-- Source material follows --

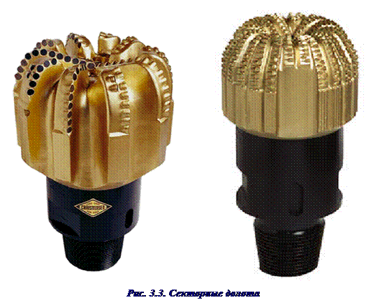 Породоразрушающий инструментDate: 2015-10-07; view: 415. Породоразрушающий инструмент (ПРИ) предназначен для разрушения горной породы на забое при бурении скважины. По принципу разрушения породы ПРИ подразделяется на 3 группы: 1) ПРИ режуще-скалывающего действия – применяется для разбуривания вязких, пластичных и малоабразивных пород небольшой твердости; 2) ПРИ дробяще-скалывающего действия – применяется для разбуривания неабразивных и абразивных пород средней твердости, твердых, крепких и очень крепких; 3) ПРИ истирающе-режущего действия – применяется для бурения в породах средней твердости, а также при чередовании высокопластичных маловязких пород с породами средней твердости и даже твердыми. По назначению ПРИ подразделяется: 1) Для бурения сплошным забоем (без отбора керна) – буровые долота; 2) Для бурения по кольцевому забою (с отбором керна) – бурголовки; 3) Для специальных работ в пробуренной скважине (выравнивание и расширение ствола) и в обсадной колонне (разбуривание цементного камня и т.д.) По конструктивному исполнению ПРИ делится на три группы: 1) Лопастной (рис. 3.1.); 2) Шарошечный (рис. 3.2.); 3) Секторный (рис.3.3.);
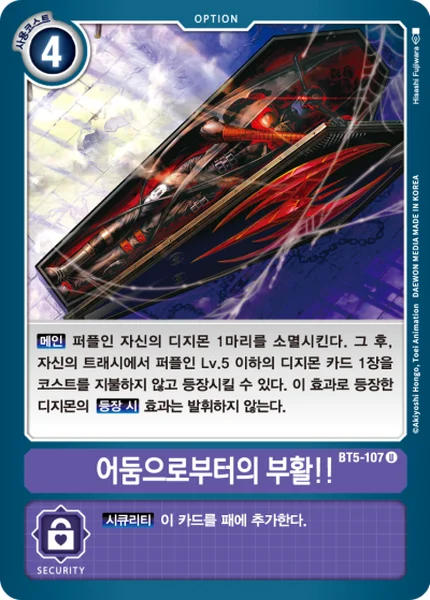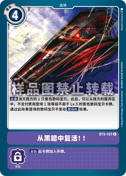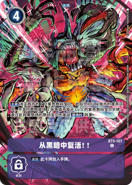 Main Delete 1 of your purple Digimon. Then, you may play 1 level 5 or lower purple Digimon card from your trash without paying its memory cost. Any On Play effects on Digimon played with this effect don't activate.
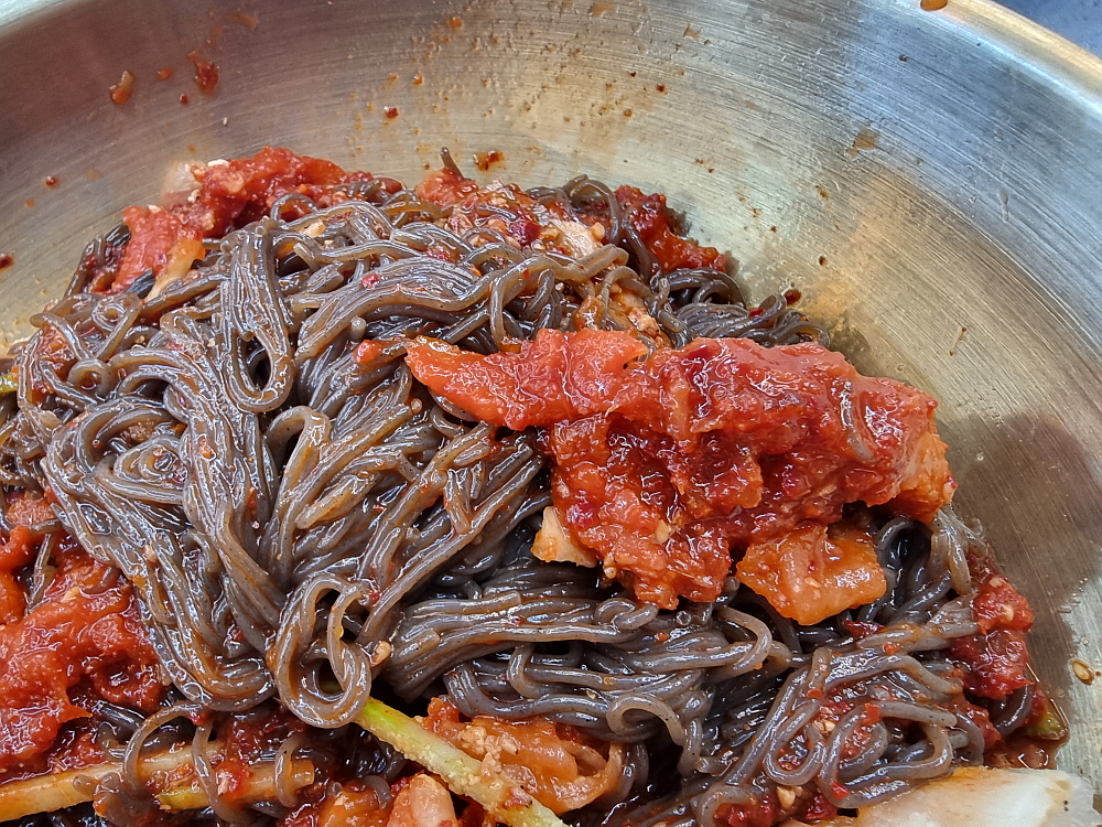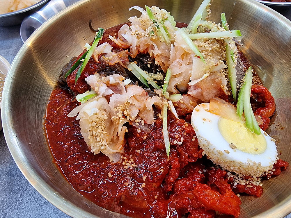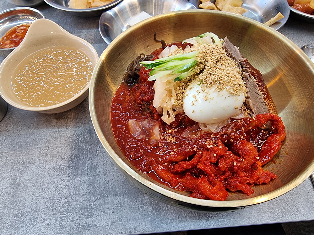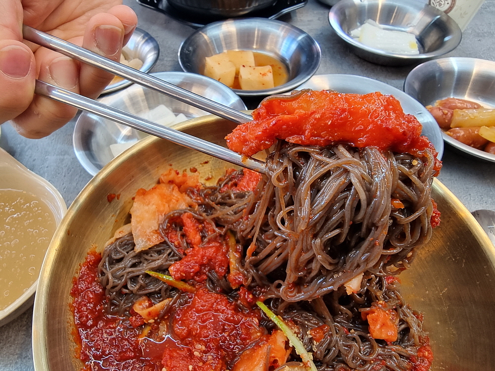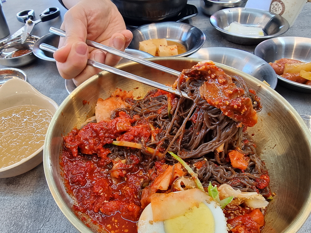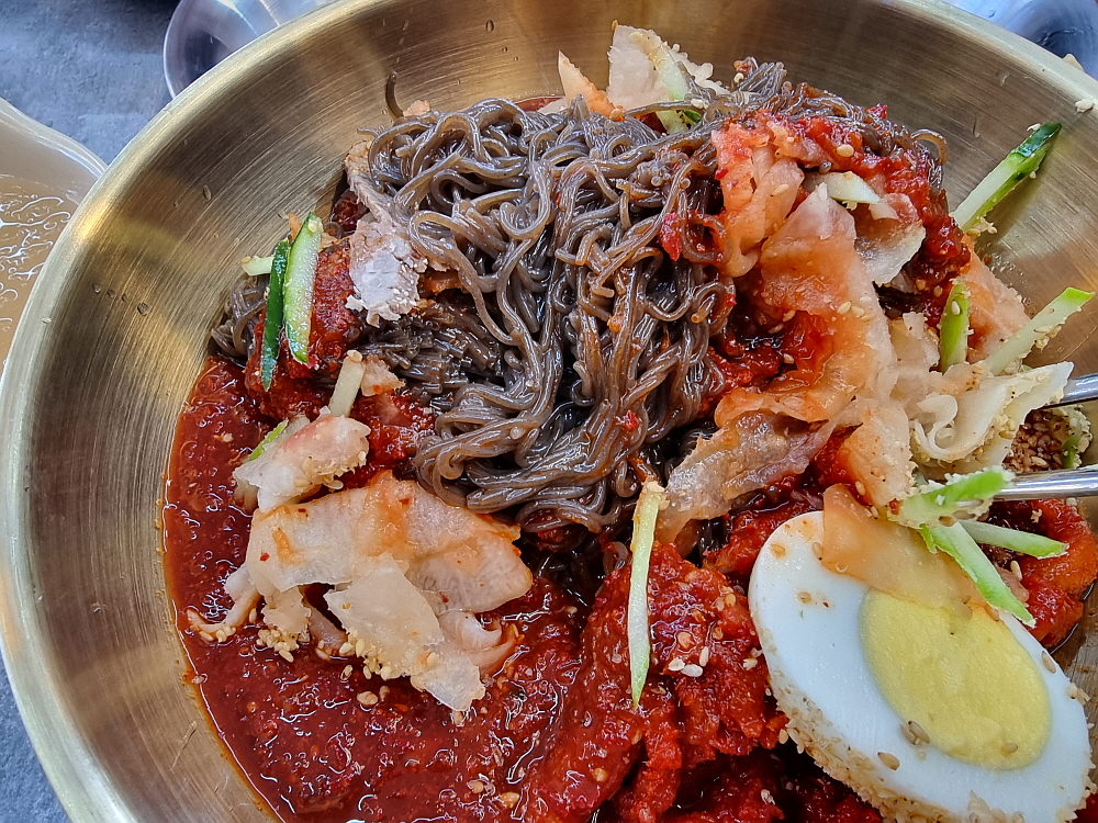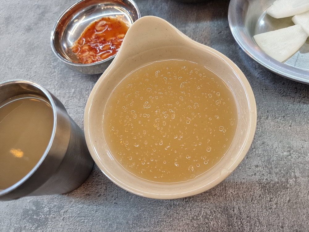만일 송우리 먹자골목에 있던 집이 이리로 옮겨 온 것이라면 냉면은 칡냉면이 맞을 것이다. 먹자골목에서 그집의 상호가 유성칡냉면이었기 때문이다. 그런데 냉면을 받아 보니 그런 생각이 얼추 맞는 것 같았다. 칡냉면 특유의 약간은 검은빛이 도는 면이 그런 특징을 말해주고 있기 때문이다. 칡냉면은 메밀냉면과는 또 다른 세계다. 메밀을 주 원료로 하는 전통적인 냉면보다 더 시큼하고, 달달한 양념이 특징이라면 특징일 것이다. 거기에 시원하고 시큼한 육수 한 사발을 주는 것도 칡냉면의 묘미라 할 수 있다. 여기도 그런 구성이 비슷했다.
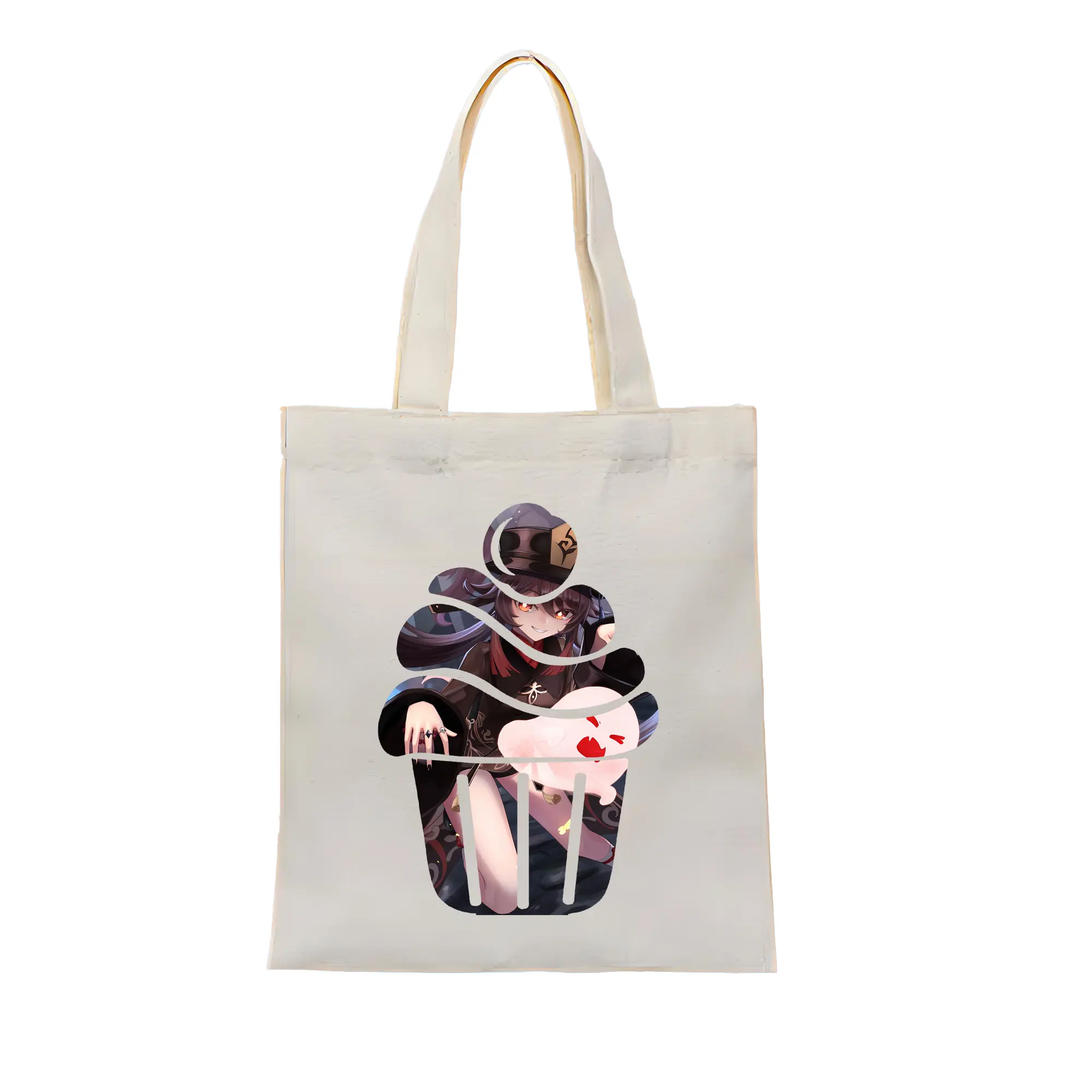 原 神 グッズ フータオ - 縦型キャンバス手提げバッグ(トートバッグ) ・ キャンバス素材 ・ ショッピング用 ・ 軽量 丈夫 お手入れ簡単
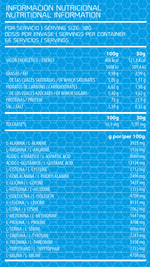 Concentrado de Proteína de Soro de Leite, Aromas, Aroma Natural, Edulcorante (Sucralose), β-Galactosidase [Lactase (Tolerase® L)]* e Edulcorante (Neohesperidina DC).
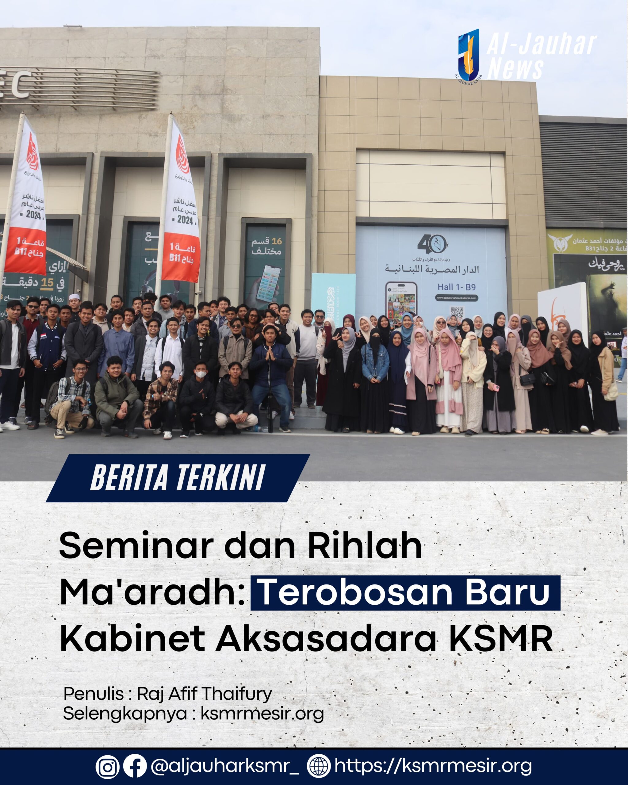 Ksmrmesir.org – (28/1) Badan Pengurus KSMR, berkolaborasi dengan Lembaga Otonom Al Jauhar, sukses menyelenggarakan seminar dan rihlah ma’aradh yang menjadi terobosan baru di bawah kabinet Aksasadara. Kegiatan ini berlangsung pada 28 Januari dan mendapatkan sambutan hangat dari warga KSMR maupun non-KSMR.
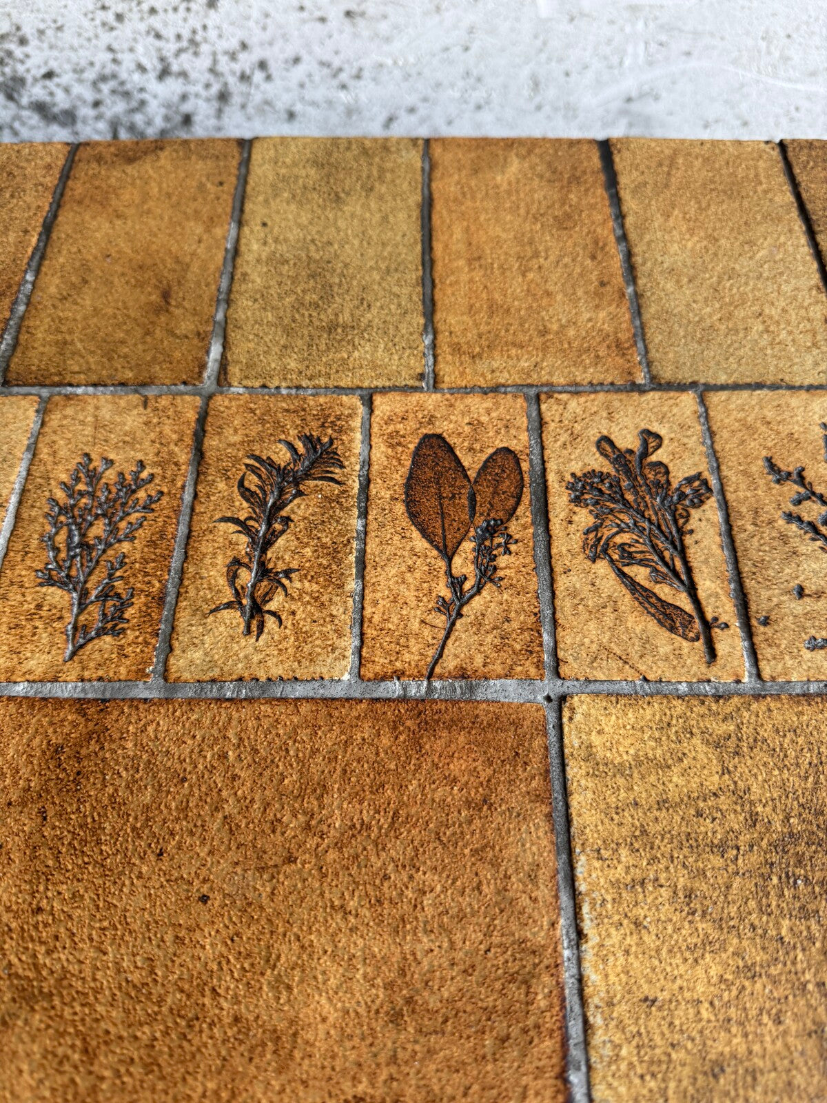 Stijl en functionaliteit De warme aardetinten en organische motieven geven deze tafel een rustieke, natuurlijke uitstraling. Het brutalistische ontwerp wordt verzacht door de zachte vormen en het ritmische bladpatroon. Ideaal als statement piece in een stijlvol interieur.
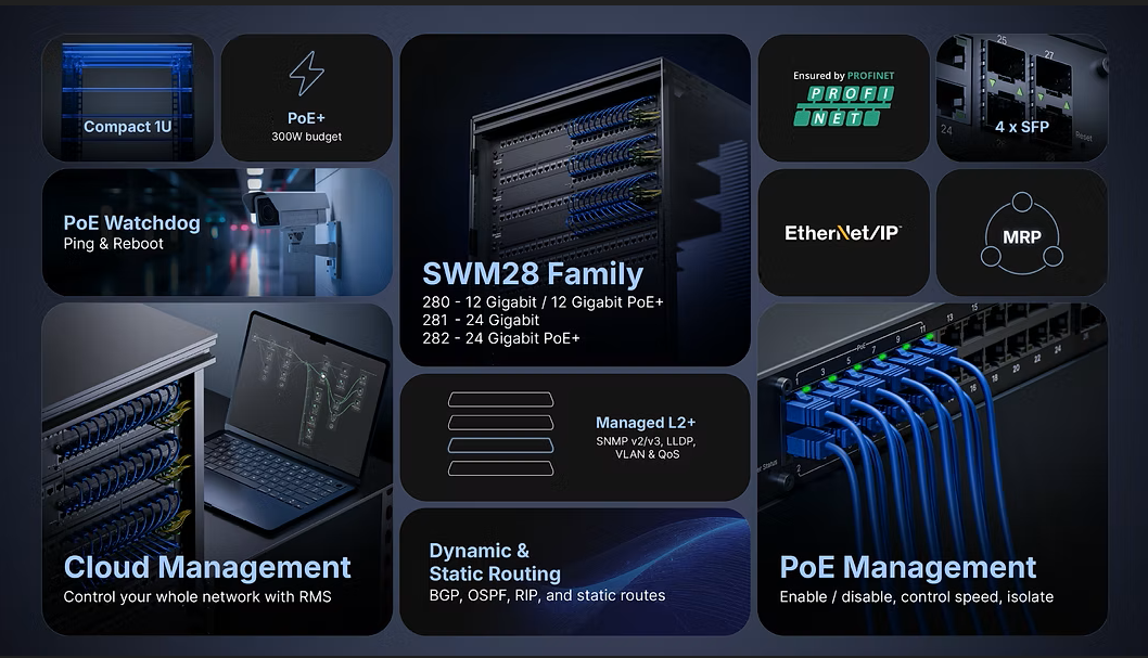 Minden menedzselhető switch, mint a TSW202 vagy a nagy sűrűségű SWM28-széria, a Teltonika intuitív TswOS operációs rendszerét használja. Ez a felület teszi lehetővé, hogy a switch minden egyes portja egyedileg konfigurálható legyen (sebességkorlátozás, izoláció, PoE-kezelés).
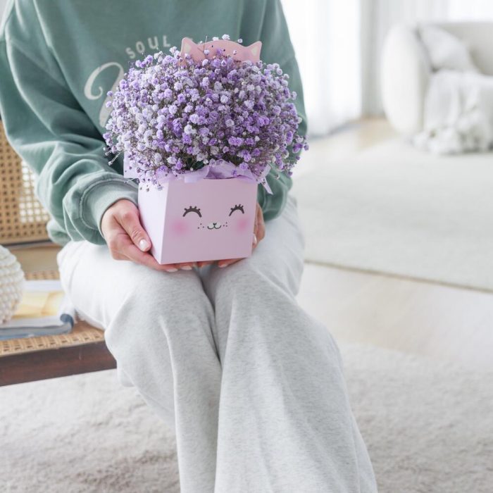 Тишью – 4 шт.Оазис флористический – 1 шт.коробка транспортировочная – 1 шт.коробка котик – 1 шт.гипсофила цветная – 5 шт.
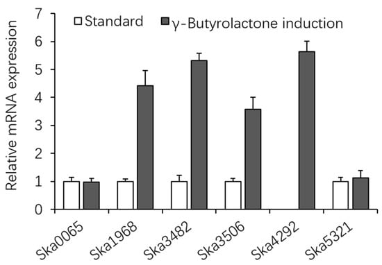 The S. kanasensis strain ZX01 was cultured in 100 mL liquid medium for 72 h, then 1 mL γ-butyrolactone (50 mM, CAS No.:96-48-0, Aladdin, Shanghai, China) was added into the liquid medium under aseptic conditions. Control groups were treated with sterile water. One day later, 10 mL of culture were centrifuged briefly to pellet the mycelium, then RNA was purified using an Eastep® Super Total RNA Extraction Kit (Promega, Madison, WI, USA). RNA was treated with amplification grade RNase-free DNaseI (Invitrogen, Carlsbad, CA, USA). In addition, the pure RNA used as the template for cDNA synthesis, then qPCR and data analysis were performed as described by Pullan et al. []. The SigA used as the reference gene. The primers of gene fragments were as follow: Ska0065, 5′-GTCGGCCAGGTCCTCGGCTACT-3′ and 5′-TCCGCACCAGGCACTCCACC-3′; Ska1968, 5′-CGCCGCAAGAGCAACAAGAGC-3′ and 5′-CGACAGCCATCTCCAGCAGCAAC-3′; Ska3482, 5′-TGTCC TCGTTCGGCATCAGCG-3′ and 5′-ACAGCACCCACGGCACCACC-3′; Ska3506, 5′-GCCAC TCGGGCCAGGAAGACAT-3′ and 5′-GCAGCACCAGGCTGTTGACGAAC-3′; Ska4292, 5′-ACTTCTGCACGGCCTACCCG-3′ and 5′-AACAGTCCGTTCGACAGCAGGTT-3′; Ska5321, 5′-ACACCGCCTGGGAGCCGTTCTT-3′ and 5′-AGGTCGGCGTGAGGTCGAGGAA-3′; SigA, 5′-CGCCGAGTCCGAGTCTGTGAT-3′ and 5′-CACTGACCATCAGC GTCACAC-3′.

-- Source material concluded --

• Task to complete
I'd like the data above duplicated exactly, with no pictures included.

• Exercise result
 Породоразрушающий инструментDate: 2015-10-07; view: 415. Породоразрушающий инструмент (ПРИ) предназначен для разрушения горной породы на забое при бурении скважины. По принципу разрушения породы ПРИ подразделяется на 3 группы: 1) ПРИ режуще-скалывающего действия – применяется для разбуривания вязких, пластичных и малоабразивных пород небольшой твердости; 2) ПРИ дробяще-скалывающего действия – применяется для разбуривания неабразивных и абразивных пород средней твердости, твердых, крепких и очень крепких; 3) ПРИ истирающе-режущего действия – применяется для бурения в породах средней твердости, а также при чередовании высокопластичных маловязких пород с породами средней твердости и даже твердыми. По назначению ПРИ подразделяется: 1) Для бурения сплошным забоем (без отбора керна) – буровые долота; 2) Для бурения по кольцевому забою (с отбором керна) – бурголовки; 3) Для специальных работ в пробуренной скважине (выравнивание и расширение ствола) и в обсадной колонне (разбуривание цементного камня и т.д.) По конструктивному исполнению ПРИ делится на три группы: 1) Лопастной (рис. 3.1.); 2) Шарошечный (рис. 3.2.); 3) Секторный (рис.3.3.);
 Main Delete 1 of your purple Digimon. Then, you may play 1 level 5 or lower purple Digimon card from your trash without paying its memory cost. Any On Play effects on Digimon played with this effect don't activate.
만일 송우리 먹자골목에 있던 집이 이리로 옮겨 온 것이라면 냉면은 칡냉면이 맞을 것이다. 먹자골목에서 그집의 상호가 유성칡냉면이었기 때문이다. 그런데 냉면을 받아 보니 그런 생각이 얼추 맞는 것 같았다. 칡냉면 특유의 약간은 검은빛이 도는 면이 그런 특징을 말해주고 있기 때문이다. 칡냉면은 메밀냉면과는 또 다른 세계다. 메밀을 주 원료로 하는 전통적인 냉면보다 더 시큼하고, 달달한 양념이 특징이라면 특징일 것이다. 거기에 시원하고 시큼한 육수 한 사발을 주는 것도 칡냉면의 묘미라 할 수 있다. 여기도 그런 구성이 비슷했다.
 原 神 グッズ フータオ - 縦型キャンバス手提げバッグ(トートバッグ) ・ キャンバス素材 ・ ショッピング用 ・ 軽量 丈夫 お手入れ簡単
 Concentrado de Proteína de Soro de Leite, Aromas, Aroma Natural, Edulcorante (Sucralose), β-Galactosidase [Lactase (Tolerase® L)]* e Edulcorante (Neohesperidina DC).
 Ksmrmesir.org – (28/1) Badan Pengurus KSMR, berkolaborasi dengan Lembaga Otonom Al Jauhar, sukses menyelenggarakan seminar dan rihlah ma’aradh yang menjadi terobosan baru di bawah kabinet Aksasadara. Kegiatan ini berlangsung pada 28 Januari dan mendapatkan sambutan hangat dari warga KSMR maupun non-KSMR.
 Stijl en functionaliteit De warme aardetinten en organische motieven geven deze tafel een rustieke, natuurlijke uitstraling. Het brutalistische ontwerp wordt verzacht door de zachte vormen en het ritmische bladpatroon. Ideaal als statement piece in een stijlvol interieur.
 Minden menedzselhető switch, mint a TSW202 vagy a nagy sűrűségű SWM28-széria, a Teltonika intuitív TswOS operációs rendszerét használja. Ez a felület teszi lehetővé, hogy a switch minden egyes portja egyedileg konfigurálható legyen (sebességkorlátozás, izoláció, PoE-kezelés).
 Тишью – 4 шт.Оазис флористический – 1 шт.коробка транспортировочная – 1 шт.коробка котик – 1 шт.гипсофила цветная – 5 шт.
 The S. kanasensis strain ZX01 was cultured in 100 mL liquid medium for 72 h, then 1 mL γ-butyrolactone (50 mM, CAS No.:96-48-0, Aladdin, Shanghai, China) was added into the liquid medium under aseptic conditions. Control groups were treated with sterile water. One day later, 10 mL of culture were centrifuged briefly to pellet the mycelium, then RNA was purified using an Eastep® Super Total RNA Extraction Kit (Promega, Madison, WI, USA). RNA was treated with amplification grade RNase-free DNaseI (Invitrogen, Carlsbad, CA, USA). In addition, the pure RNA used as the template for cDNA synthesis, then qPCR and data analysis were performed as described by Pullan et al. []. The SigA used as the reference gene. The primers of gene fragments were as follow: Ska0065, 5′-GTCGGCCAGGTCCTCGGCTACT-3′ and 5′-TCCGCACCAGGCACTCCACC-3′; Ska1968, 5′-CGCCGCAAGAGCAACAAGAGC-3′ and 5′-CGACAGCCATCTCCAGCAGCAAC-3′; Ska3482, 5′-TGTCC TCGTTCGGCATCAGCG-3′ and 5′-ACAGCACCCACGGCACCACC-3′; Ska3506, 5′-GCCAC TCGGGCCAGGAAGACAT-3′ and 5′-GCAGCACCAGGCTGTTGACGAAC-3′; Ska4292, 5′-ACTTCTGCACGGCCTACCCG-3′ and 5′-AACAGTCCGTTCGACAGCAGGTT-3′; Ska5321, 5′-ACACCGCCTGGGAGCCGTTCTT-3′ and 5′-AGGTCGGCGTGAGGTCGAGGAA-3′; SigA, 5′-CGCCGAGTCCGAGTCTGTGAT-3′ and 5′-CACTGACCATCAGC GTCACAC-3′.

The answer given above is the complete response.